Tutti ricordiamo bene le immagini provenienti dai Balcani della scorsa estate, quando migliaia di profughi, moltissimi bambini, hanno raggiunto l'Europa a piedi, quando intere famiglie, tra loro anche anziani e neonati, camminavano incolonnati lungo strade di campagna, o si trovavano accampati dietro una rete o un check point lungo il confine macedone, serbo, o ungherese, in attesa di poter proseguire il viaggio verso il Nord Europa.
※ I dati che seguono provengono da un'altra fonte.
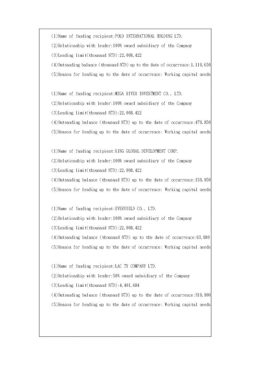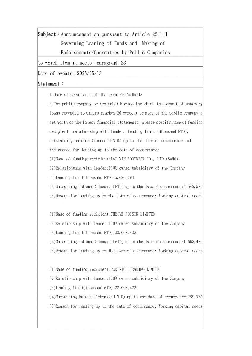 Announcement on pursuant to Article 22-1-1 Governing Loaning of Funds and Making of Endorsements/Guarantees by Public Companies

Tra loro c'è Hamed, giovane informatico fuggito dal Medio Oriente, si aggira triste nel campo chiedendosi quale sarà il suo futuro, oppure Ewan, cristiano caldeo, che ha lasciato alle spalle l'inferno siriano e non capisce perché gli è ancora proibito l'ingresso nella zona di transito: "Quando tornerete in Ungheria, dite loro che anche noi siamo umani, vogliamo pace, vogliamo pace per la nostra famiglia". Quel giorno c'erano circa 80 persone, da Siria, Afghanstan e Pakistan. Diamo loro cibo e bevande.
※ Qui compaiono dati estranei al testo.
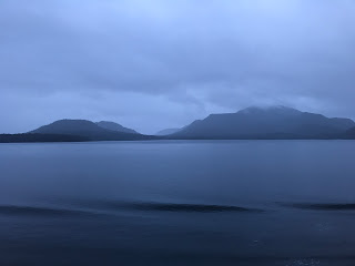 Wir wollen die Einfahrt in den Charles Darwin Channel bei Sonnenaufgang nicht verpassen. Mystische Stimmung an Deck. Es ist kalt geworden. Das Meer ist ruhig und Nebel umhüllt die Schärenlandschaft. Wir gleiten langsam durch den engen Kanal. Obwohl der Himmel nicht wirklich aufklart, genießen wir den Ausblick mit immer wechselnden Lichtverhältnissen.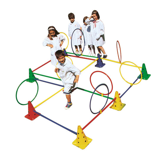 Mini parcours constitué d’enjambements et de passages dans les cerceaux.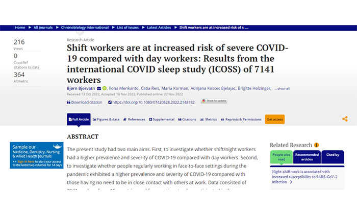 《国际时间生物学》(Chronobiology International)是以医学—生物学和生理学为主要研究方向的美国专业期刊,2021年度IF影响因子为3.749 。该项研究从国际新冠肺炎睡眠研究(ICOSS)中收集到四大洲、15个国家和地区的7141名参与者作为研究样本。

Gli operatori dell'UNHCR Serbia che portano aiuti ai profughi dell'insediamento raccontano che la situazione adesso è più tranquilla, ma fino a pochi giorni prima invece di 80 c'erano ben 900 persone, e ogni giorno continuano ad arrivare nuove famiglie. Non sappiamo quanto tempo ci vorrà per passare dall'altra parte, ma sappiamo che anche oggi, sul confine che separa la Serbia dall'Ungheria, ci sono donne e bambini che aspettano dietro a una recinzione di filo spinato il giorno in cui potranno ricominciare una nuova vita in Europa.